2) Our users/groups approach was to use OME scripts to create 50 training users in a "training" group, and between training sessions we "clean up" and undo most of the changes that happen during a training session. We're already using OME scripts to do most of this - I think currently the main manual steps are deleting tags and attachments IIRC. 3) To avoid data multiplication we in-place import the same data to every user, which is good, but people still get confused when trying to look at each other's data: they see the same data again. Maybe it might be worth in-place importing the same data, but changing names ("user1_randomimage.tif" instead of "randomimage.tif"). Something for the future!
3) The Crop workflow under OMERO.figure is the kind of functionality I only go into if I have a lot of time to explain it in detail. I understand how useful it can be, but in general for a training session that is limited in time I stick to zoom/pan of multiple panels and don't touch it at all. Once in a while someone will come to me with a "can I do X in OMERO.Figure" question and I'm more than happy to explain that when needed outside the training workshop context.
4) For Python+OMERO, we've moved to using a lot of our own convenience functions in training. Last time we ran an "OMERO for developers" workshop, we spun up a JupyterHub in GCP and cloned our repo with notebooks (https://github.com/TheJacksonLaboratory/omero_for_developers) directly there. Because our GCP instance has VPN access, we could still do work in our internal dev server.
Some ideas too We woudl also love some docker (or ansyble). It would be nice if somehow the groups/users would be configurable through some kind of yml or toml file. Actually for our training I would like to create more meaningful users based on known French Comics. That would not only add a funny side, but also, users will identify more clearly some of the concepts. If configurable, people may use lists of known groups that are known locally. You may use pictures and demo that feature (I do not think we would run into copyright issues if it is us grasping the image from a URL or so). e.g.
- group: petit village gaulois
- owner: Abraracourcix
- users: Astérix, Obélix, Idéfix, Panoramix, Assurancetourix, Ordralfabétix,...
- group: Tournesol Lab
- owner: Professor Calculus
- users: Tintin, Captain Haddock, Bianca Castafiore, Nestor, Dupond, Dupont, Milou ...
I agree on the advantages and disadvantages of using the same data. One way around might be that all data are the same but one dataset used to demo the sharing where, each user has a "personal" image: a pencil, a lab timer, a lab book, a coffee mug,...

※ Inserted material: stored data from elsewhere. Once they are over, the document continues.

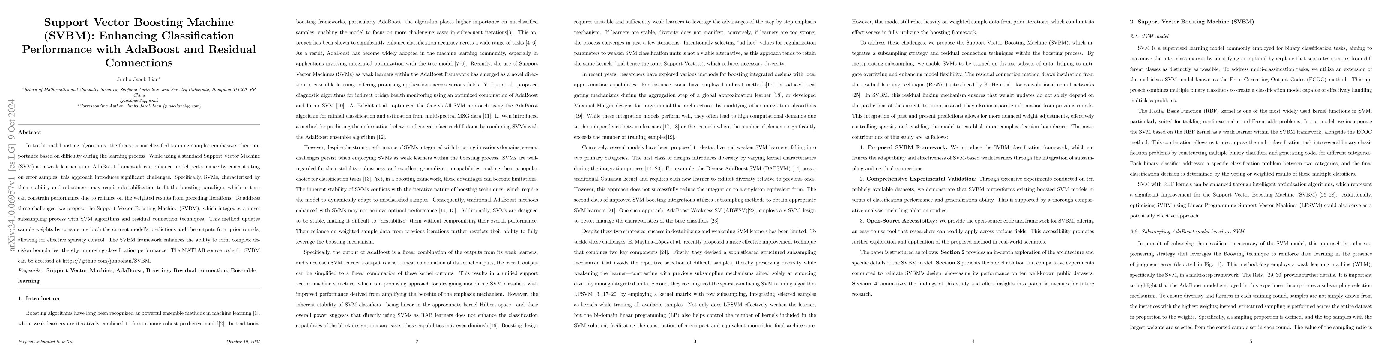 The paper introduces the Support Vector Boosting Machine (SVBM), a novel approach combining AdaBoost and residual connections to improve classification performance using SVMs. SVBM addresses challenges of traditional boosting by integrating subsampling and residual techniques for better sparsity control and complex decision boundary formation.
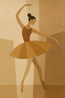 Een abstracte ballerina, modern en minimalistisch uitgevoerd in warme aardetinten. Zachte schakeringen van beige en bruin vloeien in elkaar over en vangen de essentie van beweging en balans, zonder details te forceren. De vormen zijn subtiel en krachtig tegelijk: een ingetogen silhouet dat elegantie suggereert in plaats van…
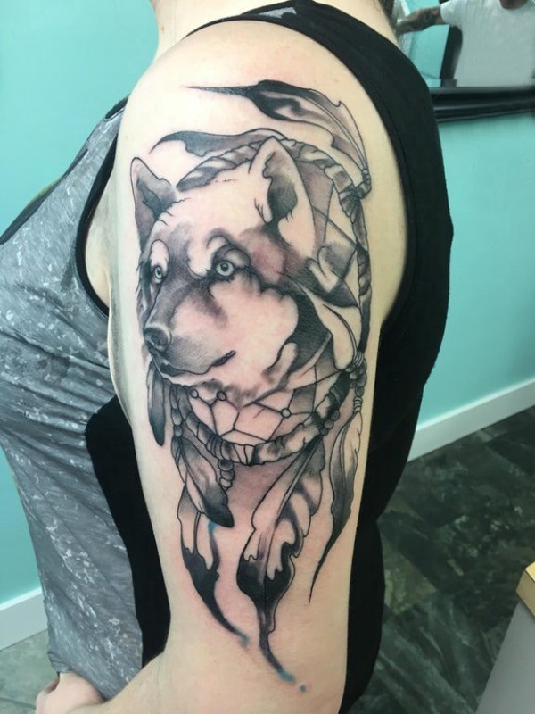双大臂纹身 女生大臂上黑色的狼纹身图片
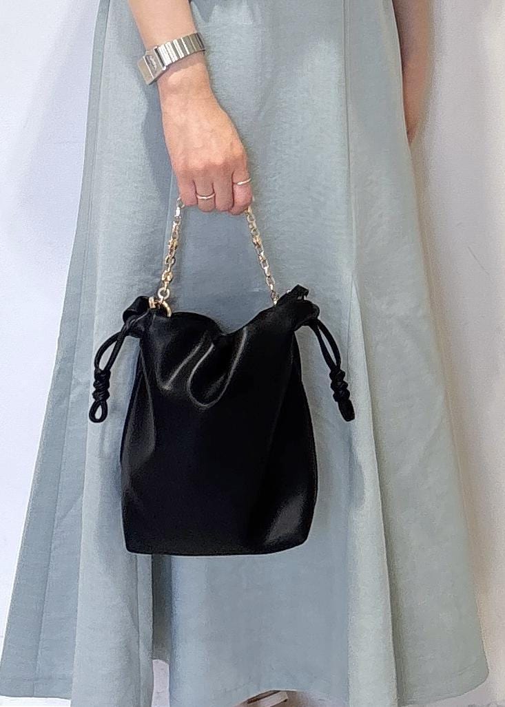 アウトレットVISチェーンハンドル2WAY巾着バッグブラック / F¥3,460レビューチェーンハンドルが目を引く巾着バッグ。
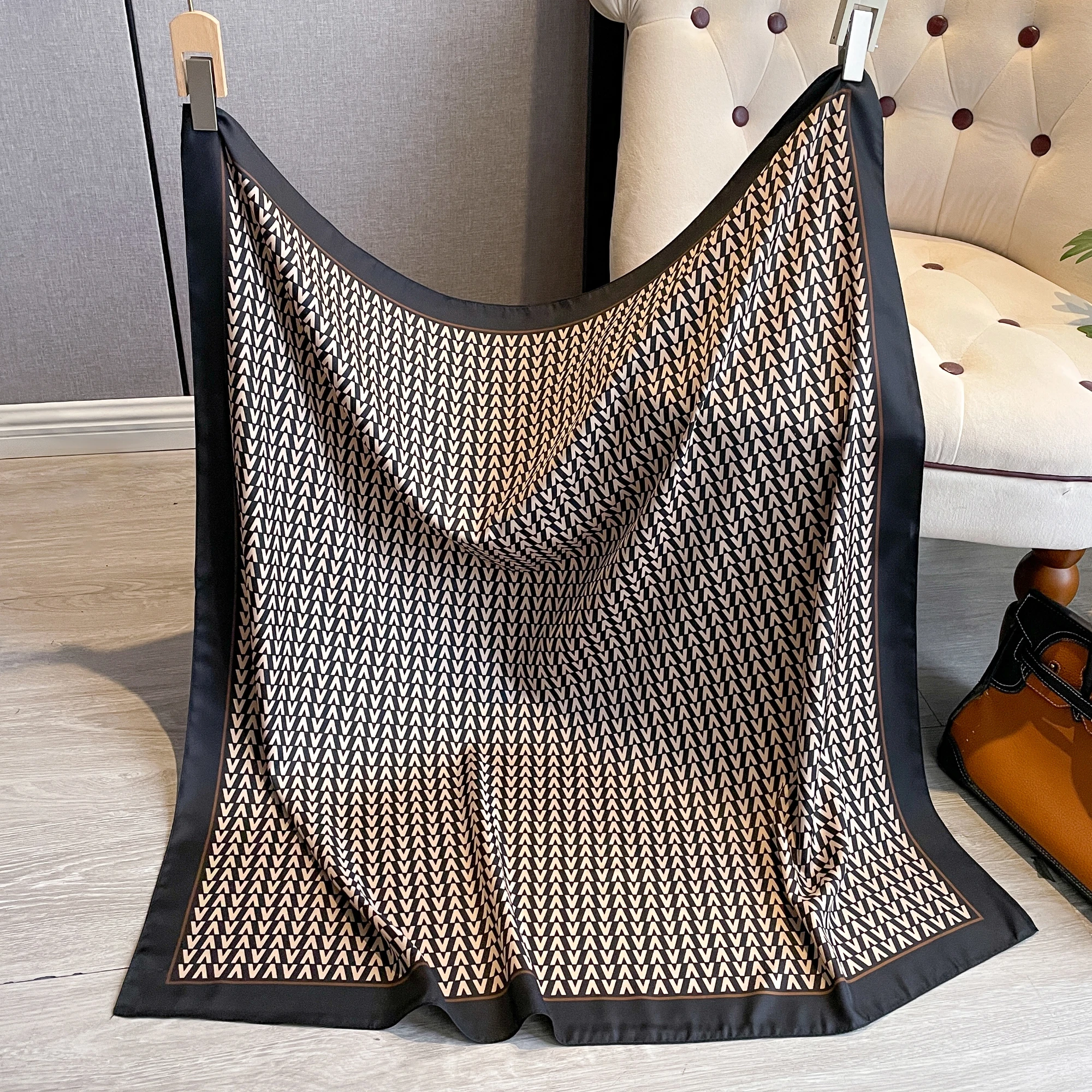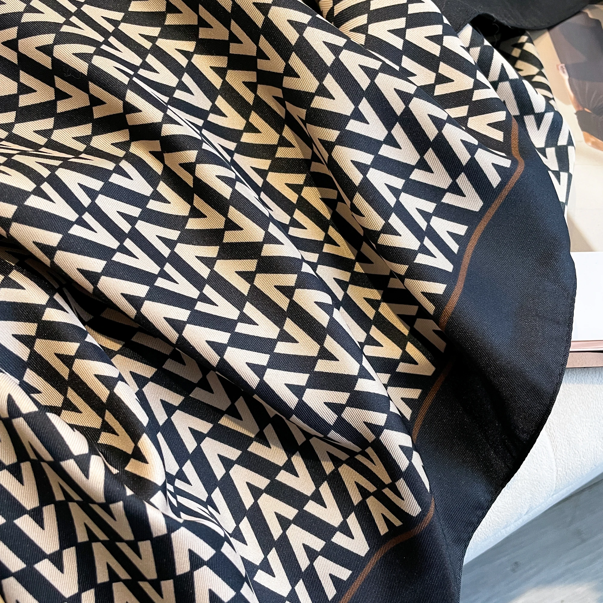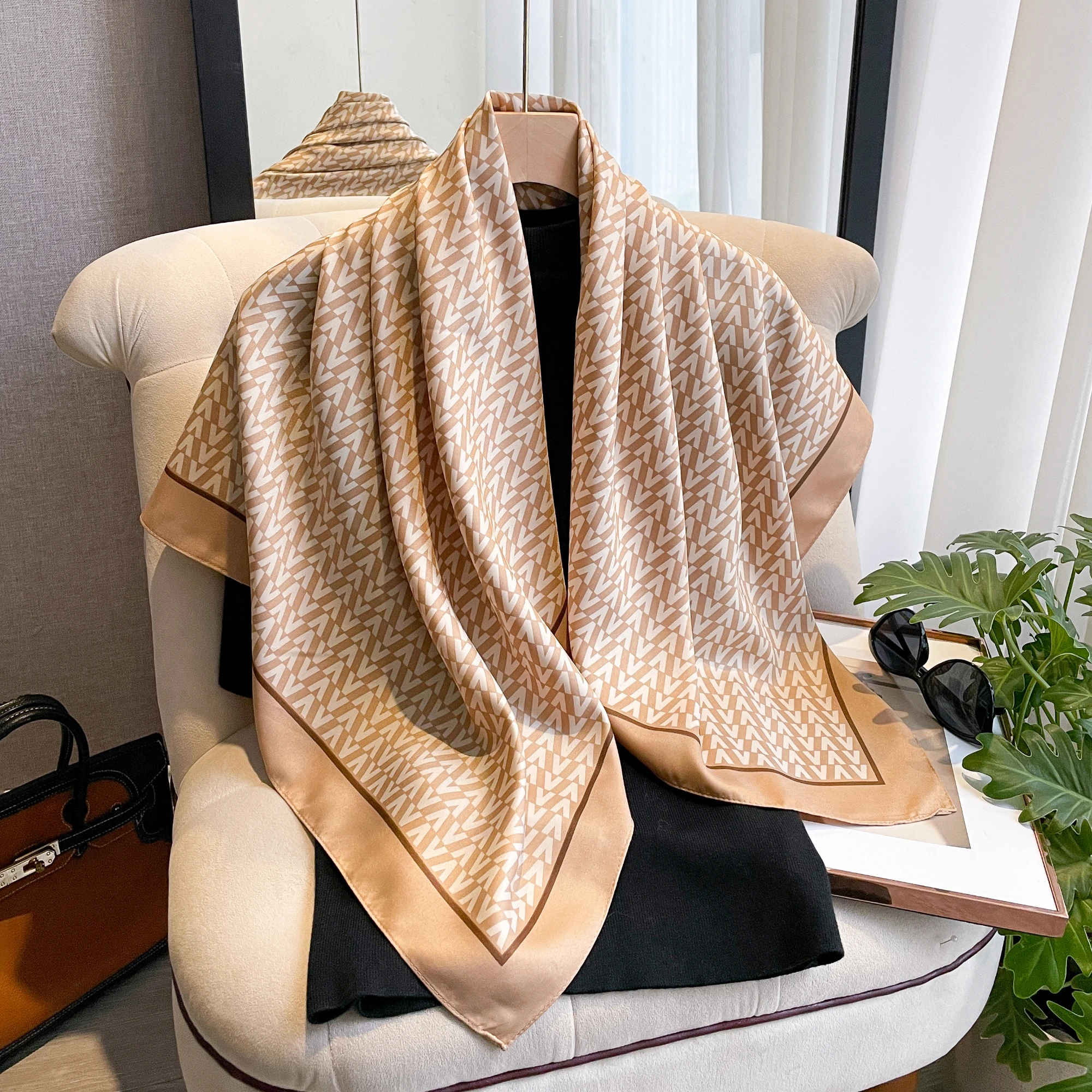 وشاح مربع من الحرير المائل لعام 2025 مطبوع عليه وشاح حجاب دافئ للشاطئ بطول 90 سم، وشاح شال، حقيبة رباط شعر للنساء، وشاح معصم
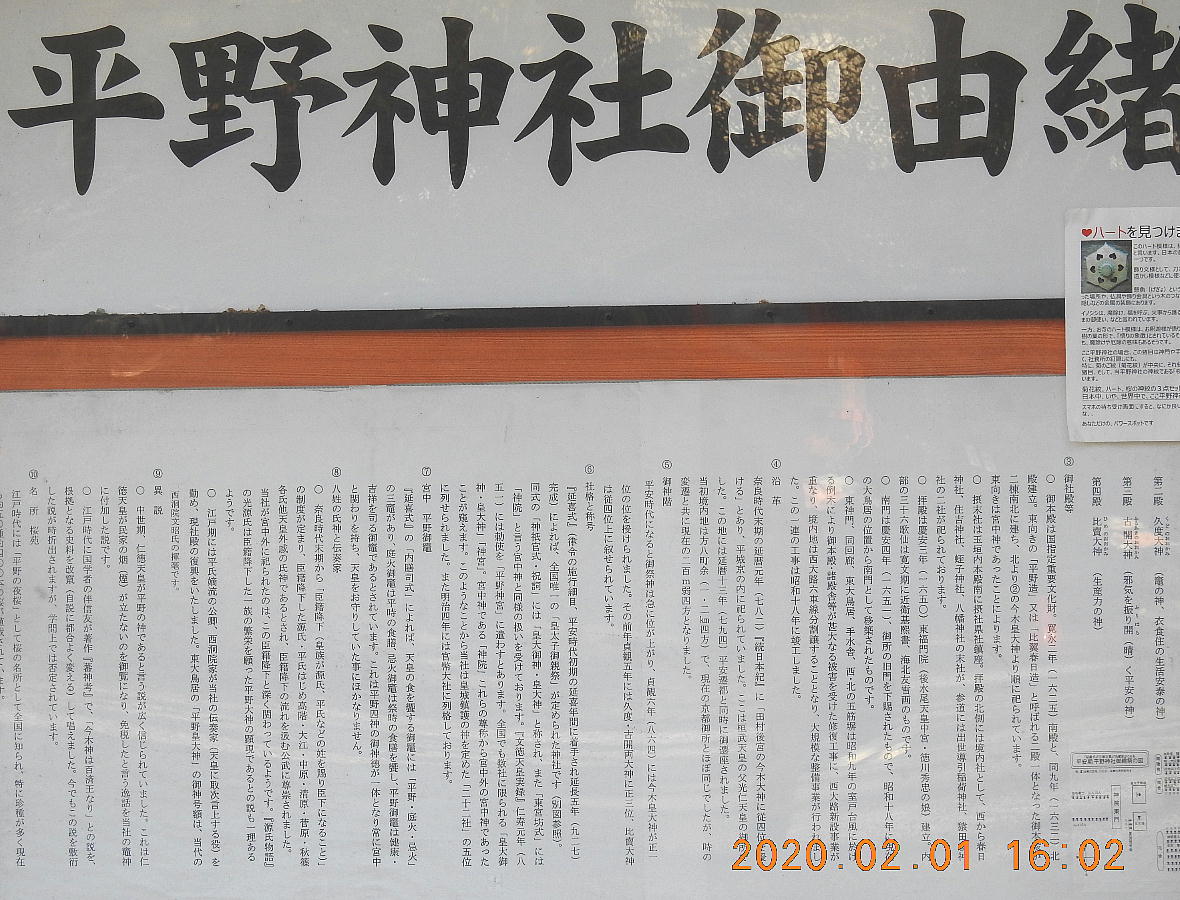 平野神社の創建について、『一代要記』では延暦13年(794年)、『諸神記』では延暦4年(785年)、『江家次第』では延暦年中、『本朝 月令』では延暦年中、『伊呂波字類抄』では延暦年中と記載する。公式の文献としては、貞観14年(872年)の太政官符では延暦年中の創 建の記載が、次いで延暦20年(801年)の官符では平野祭の記載があり、やはり延暦頃の鎮座が確認される。いずれにしても、一般的には、 平安京遷都から遠くない時期に創建されたものと考えられている。

Two thoughts: YML could make good sense, e.g. in ansible, to synchronize the user/group setup, perhaps as a new CLI plugin?; however, at the moment the closest thing that exists would likely be LDIF --> https://github.com/ome/apacheds-docker
Right, but this is to really manage the acounts... no? I was thinking of something to create a training server that is going to be trashed a few days after the training. The YML could also specify / customize the data to import and different kinds of annotations.
I guess I would urge us to make elements which are composable so that others benefit. e.g. anything that is a CLI plugin can be consumed pretty easily from ansible, etc.
Across OME resources, two places managing user/group creation (differently) are:
Adding my 👍 to the idea of unifying these efforts and converging towards:
@erickmartins @juliomateoslangerak Thank you for your very valuable thoughts and pointers to the teaching material.
Re: ...have an easily-deployable "OME-default OMERO training server" ... and "...thinking of something to create a training server that is going to be trashed a few days after the training...."
The main thing which in our experience is to be thought through here is whether or not this server contains any image data, or how does it connect or import such after it has been spun up. In our hands, the data import is the main burden when setting up a training server, and thus we do not (as I understand @erickmartins does not either) trash our training servers, prefering to cleani them instead between trainings. Another thing to consider is also that your trainees will not like too much that their training environment is trashed quickly after the training.
@erickmartins
I think currently the main manual steps are deleting tags and attachments IIRC.
Thank you for emphasizing the importance of cleanup. I will try to come up with a cleanup section in the next version of the walkthrough and attach it here. Briefly, some cleanup scripts concerning tags and attachments (file attachments and MapAnnotations) cleanup are available already, let me try to come up with their description in the walkthrough. You will of course need some adjustments to make them work in your hands/setup, but they give a good lead.
@juliomateoslangerak
Re: would be nice if somehow the groups/users would be configurable...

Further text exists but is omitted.